Student protesters at Columbia University occupied Hamilton Hall, one of the most iconic buildings of the school’s campus, in a late-night escalation of ongoing pro-Palestinian demonstrations.

In the early hours of Tuesday, dozens of students rushed into the hall and began using furniture to barricade entrances — recreating an occupation of the same building carried out by anti-Vietnam War protesters at the university in 1968. At least one window was broken during the takeover, and the protesters unfurled a banner reading “Hind’s Hall” from the building’s primary balcony.

The banner honored Hind Rajab, a five-year-old Palestinian girl who was killed in February when the vehicle she and several of her relatives were driving in was fired upon by Israeli forces in Gaza City.
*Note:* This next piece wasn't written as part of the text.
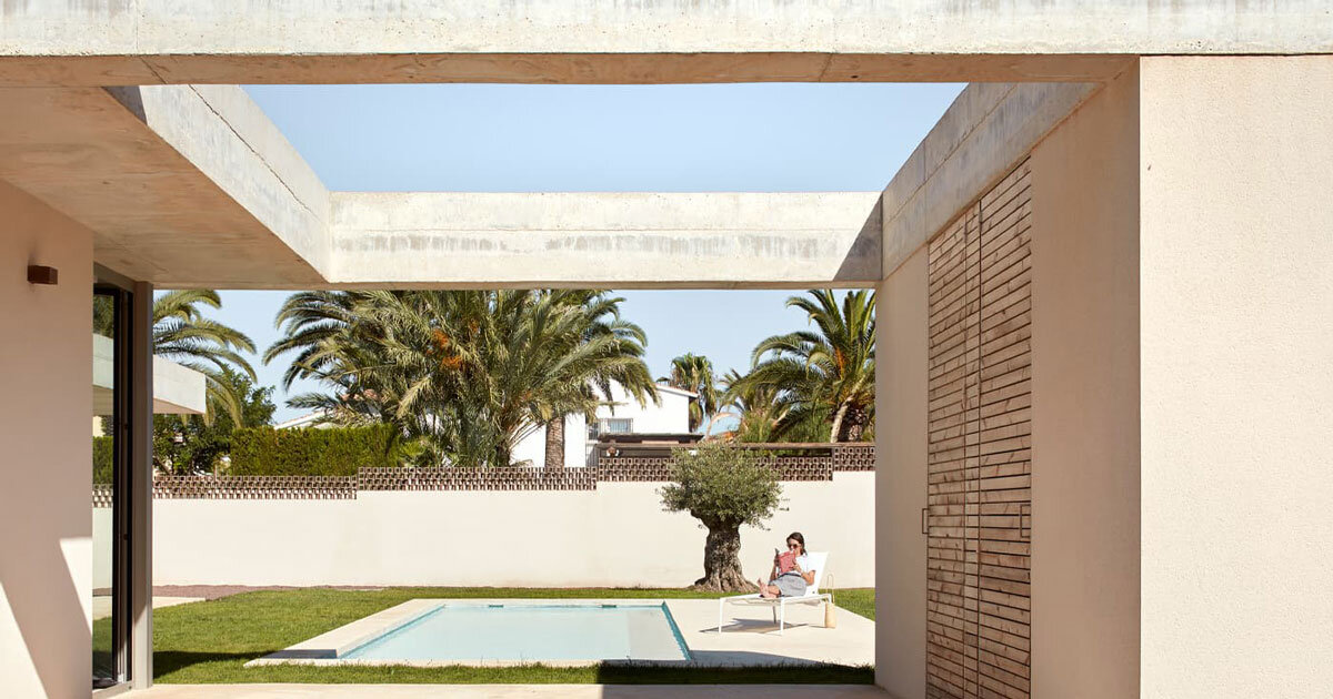 La casa de Denia diseñada por Quadrat estudio está rodeada de patios verdes a lo largo del Parque Natural Español

An ambulance attempting to resume Hind — who survived the initial onslaught — was targeted by an Israeli airstrike, killing the rescue paramedics inside. Hind is one of the more than 34,000 Palestinians killed in Gaza since the outbreak of the war between Israel and Hamas on Oct. 7.

In response, Columbia administrators on Tuesday morning restricted access to the main university campus, and advised everyone but “non-essential” staff and faculty to avoid coming to the campus.
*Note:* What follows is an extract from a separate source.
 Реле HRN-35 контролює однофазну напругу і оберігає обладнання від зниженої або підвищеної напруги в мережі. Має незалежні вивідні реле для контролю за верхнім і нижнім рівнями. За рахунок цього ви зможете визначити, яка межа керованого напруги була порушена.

On Monday, the university began suspending students who refused to vacate a Gaza Solidarity Encampment occupying a lawn on the campus since April 17. The protest called for Columbia to “divest” from Israeli and military investments held by the school. The university announced that students who remained past a 2 p.m. deadline and refused to sign a “form committing to abide” by its policies would be “placed on suspension, ineligible to complete the semester or graduate, and will be restricted from all academic, residential, and recreational spaces.”

Earlier this month, University President Nemat Shafik called the NYPD into the campus in an attempt to forcibly clear the encampment. The move further galvanized protesters.
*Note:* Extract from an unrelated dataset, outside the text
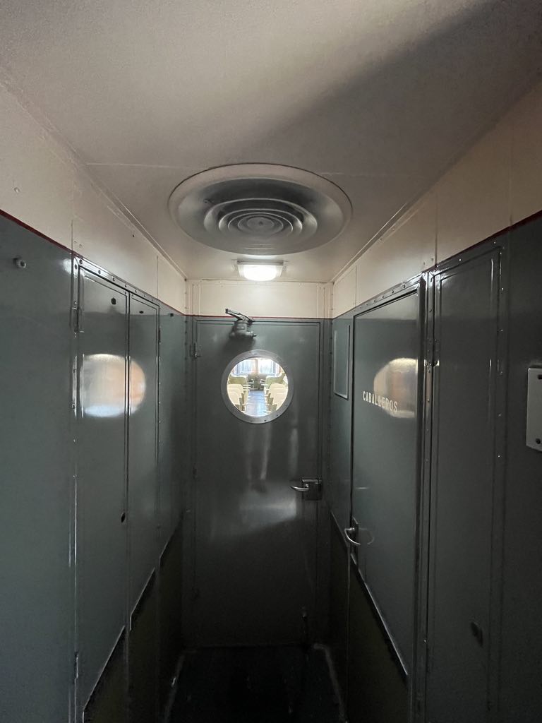 Coche de servicio. Las composiciones Talgo II, constaban de locomotora, 15 coches intermedios y 1 coche mirador. Car of service. The compositions Talgo II, consisted of locomotive, 15 intermediate cars and 1 car mirador. Museo: Vilanova (Barcelona) 5/8/01

“The University has undermined the negotiation process by threatening its political opponents with soldiers, mass eviction, and at times, the restriction of basic needs,” Columbia University Apartheid Divest wrote in a blog post on Sunday addressing the breakdown of negotiations between protesters and the school.

In a statement issued early Tuesday morning, the group wrote that the occupation of Hamilton Hall “escalation represents the next generation of the 1968, 1985, and 1992 student movements which Columbia once repressed yet celebrates today. Protestors have voiced their intention to remain at Hind’s Hall until Columbia concedes to CAD’s three demands: divestment, financial transparency, and amnesty [for protesters].”

“As this group continues to hold down Hind’s Hall, we reiterate that CUAD’s encampment is a peaceful form of protest as demonstrated over the last 12 days,” they added. “Students and community members are risking suspension and arrest to end the true state of emergency on campus, Columbia’s complicity in the genocide in Gaza.”

With Columbia University as a template, student protests demanding universities divest from Israeli investments and military contractors have exploded into a nationwide movement. The demonstrations have added to existing pressure on the Biden administration to cease providing military aid to Israel given the widespread death toll in Gaza, accusations of human rights violations by the Israeli military, and ongoing international criminal investigations into Israel’s offensive on Gaza.

As Israel continued its siege and humanitarian blockade against Gaza, survivors were directed to flee to “safe zones” in the southern part of the territory. These areas have continued to be targeted by air strikes and Israeli military actions, and earlier this month Prime Minister Benjamin Netanyahu indicated that the nation is planning a widespread offensive in the Rafah region of southern Gaza.

“We will honor all the martyrs, all the parents, mothers, fathers,” protesters observed by The Columbia Spectator chanted. “We will honor all the martyrs, all the children, sons, and daughters.”